Survey by Game Developer Magazine 2013

Cyclical Layoffs
“Layoffs are more than just losing a job; they’re gaining a mountain of uncertainty, stress and financial concerns. I have moved my family more than seven times over the last 16 years, across the country and up and down the west coast. I’m a pro at living with very few material possessions, as I grew tired of lugging them around. As you can imagine all those moves put an enormous stress on relationships, both personal and professional. Your circle of immediate friends shrinks to zero with every move.”

In big budget game development publishers set hard release dates for a game (e.g. Christmas), the studio hires as many developers possible and it may find itself bigger than it can afford to be.

At the end of a successful project developers may get laid off because they are not needed for the pre-production of the next title.

Why Game Developers Keep Getting Laid Off (talks about good practices too)

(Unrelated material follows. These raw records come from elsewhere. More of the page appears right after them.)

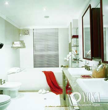 紅色是促使情緒起伏的顏色,如果置身其中,人難免激烈、亢奮而又容易疲憊。浴室的主人一定是富有**的,他用大量紅色來點(diǎn)綴家居中最本色的部分;但即使在浴室,也沒有放棄理性,冷靜的灰白恰如其分地約束了紅色的煥發(fā)。這里并不拒絕靈魂的燃燒,無形的節(jié)制卻又無處不在。白色令人聯(lián)想到無暇和純潔,浴室的主人在潛意識(shí)中追求的絕不僅僅是身體的一塵不染,他還傾向精神層面的自我凈化。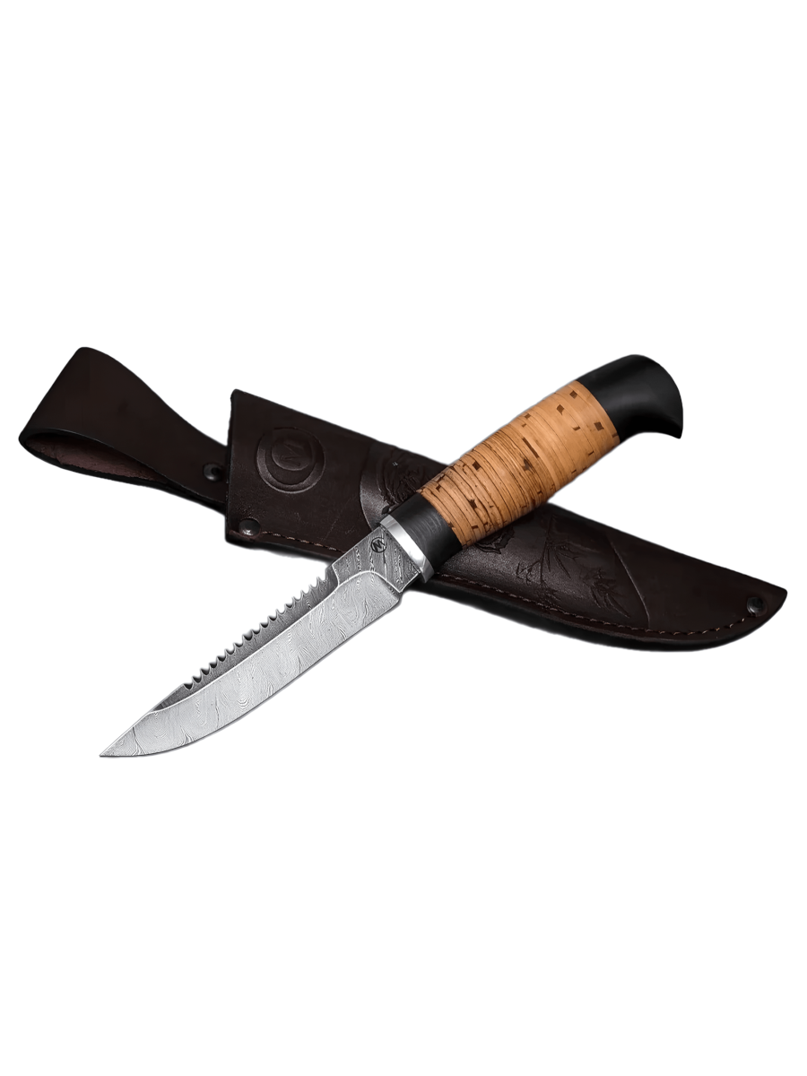 Клинок каждого ножа изготавливается из дамасской стали, обладающей высокой твёрдостью. Благодаря этому охотничий нож надёжно удерживает заточку и с лёгкостью справляется с самыми разными задачами: от работы в походном лагере до реза по дереву и кости.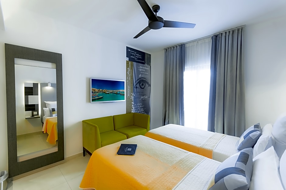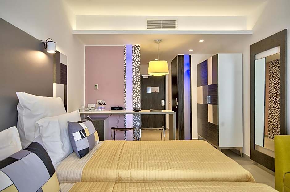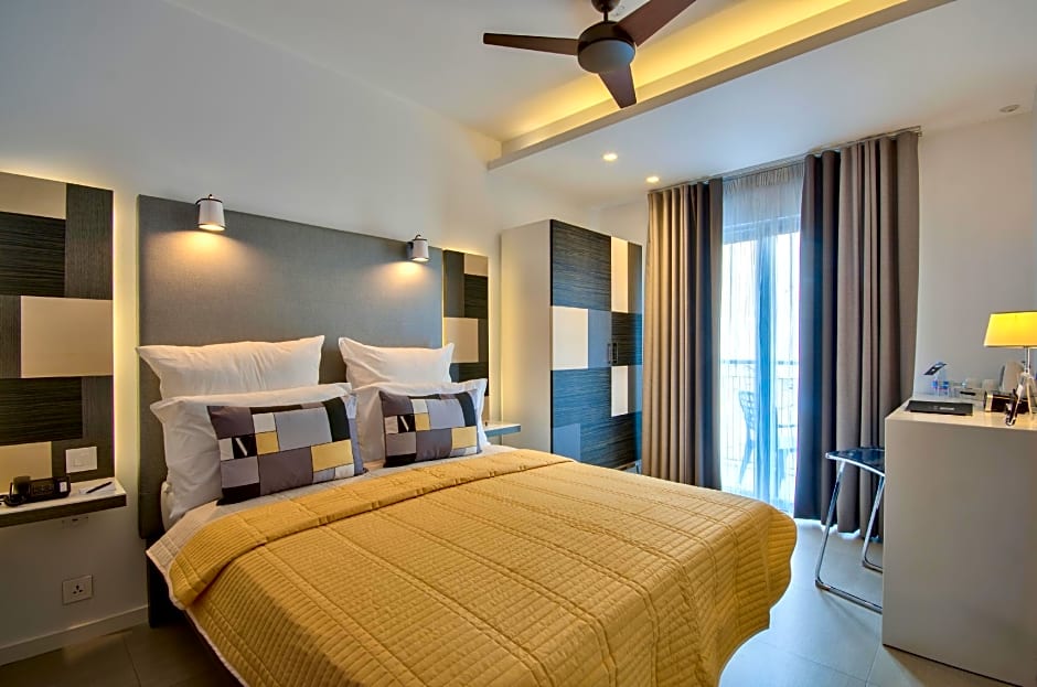 Address: Dobbie Street, Paceville, St Julians, Malta. Featured amenities include a restaurant, an outdoor swimming pool (free), a free business center, private parking (free), and free Wifi, along with room service, a 24-hour front desk, air conditioning, a bar, and a tour desk. Additional conveniences include private entrance, terrace, soundproof rooms, non-smoking rooms, beach umbrellas and beach chairs/loungers, elevator access to upper floors, free toiletries, and a bidet. Shuttle service (extra charges) and meeting/banquet facilities (extra charges); babysitting/child services (extra charges) are also available.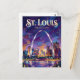 The scene is one of quiet strength and midwestern charm. The arch creates a perfect geometric curve that contrasts beautifully with the square blocks of the downtown buildings, all bathed in a warm, welcoming nocturnal light.

INDIE IS MORE THAN “SMALL BUDGET”


The indie games movement emerged as a response to all these issues. Indie came to signify:

  • Self-directed creative work: experimental, personal, risky…
  • New distribution channels (in part provided by major players): Steam, app store, itch.io, festivals/party/new arcade
  • New funding models: Indie Fund, humble bundle, Kickstarter, Patreon
  • New game criticism/journalism: expanding the notion of pleasure, complicating the notion of quality, reaching new types of players.
  • Community support: belonging to a scene of practitioners, collaborating rather than competing.
  • Different development cycles: prototype often > release early > polish and commercialize only if it works
  • Soft deadlines
  • Creating a more inclusive community in term of gender, class, race and background (informal education, alternative conferences, advocacy)
  • Reframing game making as artistic and cultural practice, not necessarily an industrially organized job
Indie/AAA is not a binary category

However

Solo indie developers earned an average income of $11,812

57% percent of indie game developers made under $500 in game sales. On the other end of the spectrum, 2 percent made over $200,000 in game sales.

6 key points from the 2014 Indie Salary Report

indiepocalipse
The opening of marketplaces like Steam to indie led people to believe that saturation will produce an “Indiepocalypse” pushing revenues down and forcing small developers to consolidate to compete – mirroring the evolution of the App store.
It’s an ongoing conversation.

Meanwhile, common wisdom if you want to be a professional indie:
– Don’t quit your day job or find a job that doesn’t suck the entirety of your time
– Don’t start a company if you don’t already have a product/prototype that was received well
– Don’t Kickstart a project unless you proved yourself “worth”
– Be part of a community, go to conferences, participate to game jams, hang out with other developers. See resources.
– Beware of the survivorship bias

Triple I and Alt games

Successful independent games like Minecraft and the willingness of publishers to invest in small studios (e.g. Playstation and Thatgamecompany) prompted a gold rush, a “get rich or die trying” mindset that came ad odds with the values of some members of the independent community.
The category of Altgames was created to shift the focus toward individual financial sustainability and inclusivity.

Assignment

Find the game developer/designer you want to be. Research her/his background and career. Read all the interviews, biographies, lectures and podcasts you can find. I don’t want to know what these people did but how these people established them in the game industry at large (indie or not). How did they get there? What were their breakthroughs or crucial experiences?

Use Google, filtered by date to find old news coverage.
MobyGames is a good resource for credits.